I’m reading that I may need 45 days to totally clear it out.
That sounds about right, it took me exactly 4.5 weeks to return to baseline. No hard crash to speak of, not as bad as I thought it would be.
Ok so I’ll do a calendar count from my last shot. Should I maintain HCG?
Yes, otherwise the exogenous T still left in your system may hinder testicle recovery. Stop the hCG at 4 weeks from you last T injection.
I would imagine that the HCG dosage would be increased for PCT?
Yeah, you could to compensate for the declining T.
I’m at 1,000 a week now. Was thinking of doubling.
Don’t increase your HCG; 1000 IU a week is enough and as was stated above, you do not want to mess with all these hormones at the same time while you’re currently waiting to get back to your ‘normal’ state.
So if I see this correctly, you started your TRT regimen from your first post around 6 weeks ago, and quit arimidex after 2 days? If this is not correct, please put the start and (all) the changes thereafter clearly in a list such as Excel, then post it here.
Why is your SHBG (Sex Hormone-Binding Globulin) not listed in your blood test report? It would be interesting to know what your SHBG level is, because your testosterone compared to your free testosterone, taking into account your albumin level, does not add up. This could be caused by different methods of testing though. Anyway, be sure to add that to the blood test list when you are ‘clean’.
Also, for long/permanent TRT or AAS cycles, for longer term estrogen inhibition, use aromasin when estrogen inhibition is needed. Arimidex is extremely potent (letrozole is even worse btw). Also, aromasin does not produce a rebound effect when you stop taking it. That is because Arimidex (and Letrozole) are competitive aromatase inhibitors, while Aromasin is an irreversible inhibitor: it ‘kills’ the aromatase enzymes. When you stop taking it, your body will just produce aromatase enzymes like normal, while Arimidex and Letrozole eventually stop inhibiting the already existing aromatase enzymes, causing your aromatization to increase because your body makes more aromatase enzymes and the previously inactive aromatase enzyms become active again on top of it.
Last but not least, don’t just start with either of those three AI’s without knowing whether you actually need it.
(For short term inhibition, use Nolvadex. It does not mess with your aromatase enzyms, it selectively antagonizes estrogen, which is especially useful for estrogen activity in breast tissue (but not limited to breast tissue alone).)

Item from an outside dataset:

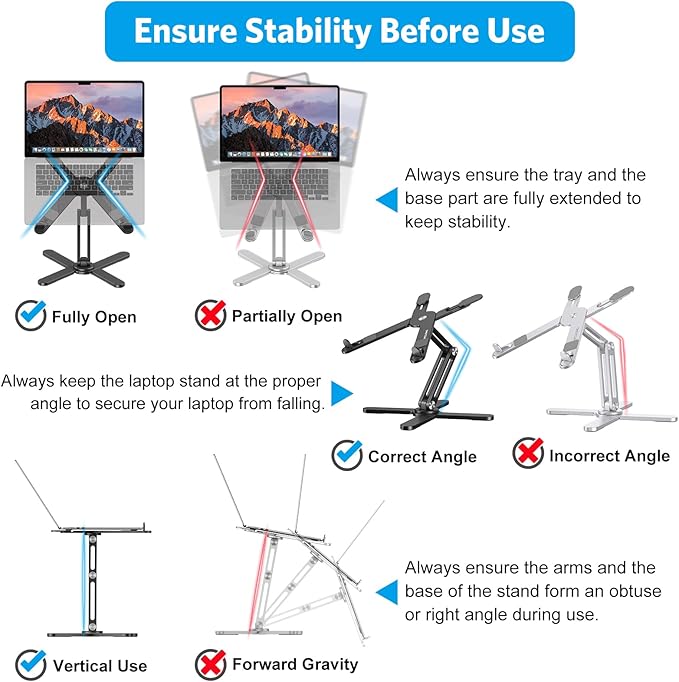 - 【Broad Compatibility】: The laptop stand for desk is well compatible with all laptops from 11 to 16-inch, such as MacBook 12 inch/ 13 inch, MacBook Air 13 inch, MacBook Pro 13 inch / 15inch/ 16 inch (2021/ 2020/ 2019/ 2018/ 2017/ 2016), Microsoft Surface, Dell, HP, Chromebook, and other devices

Your understanding of my protocol is correct and I have no idea why SHBG is not tested. On Wednesday I will address it with the urologist to have it added to the lab. I hope that this is rectified medically but if not, Aromasin is the way to go moving forward.
The vast majority of doctors have no clue how to manage male hormones.
I hope the Urologist is a good doctor and comes up with something that may shed some more light on these problems you’re having. Not every doctor is incompetent (I am a doctor, psychiatrist), so let’s hope for the best.
What I forgot to mention was that I have an explanation for the reason why you can perform on Cialis as if there is no problem: Sildenafil (Viagra/Kamagra) and Tadalafil (Cialis), or better said PDE5 (phosphodiesterase type 5) inhibitors, do not only increase erectile penile blood flow through cyclic guanosine monophosphate (cCMP) in smooth muscle cells. This effect, possibly psychologically, increases your libido to a certain extent as well.
Confirmed on that for sure
Urologist agreed that about 5 weeks to flush out the Cyp is the right move before bloodwork.
Was not as concerned as others about the high LH and FSH. Said as age increase, sperm production drops. May be a response to that.
Asked him about pituitary, also was not as concerned. Could see it was a concern for me though, so ordered up an MRI.
Not concerned about my free T relative to my overall T.
Will add prolactin and SHBG to labs.
Moved my HCG to 1,000 IU x 2 / week. Mild testicle shrinkage from TRT and also drop the LH & FSH.
You are saying this about libido and sex a week after dropping the T?
Speaking just for myself yes, the urologist was not surprised either. Wasn’t like I was on a massive dose. I pumped 200 mg for a couple weeks to rebound Adex and I had just pulled back to 140mg.
But can you clarify something. So your libido and erections got better after dropping T for a bit? Or after taking heftier doses and then dropping it down to 140?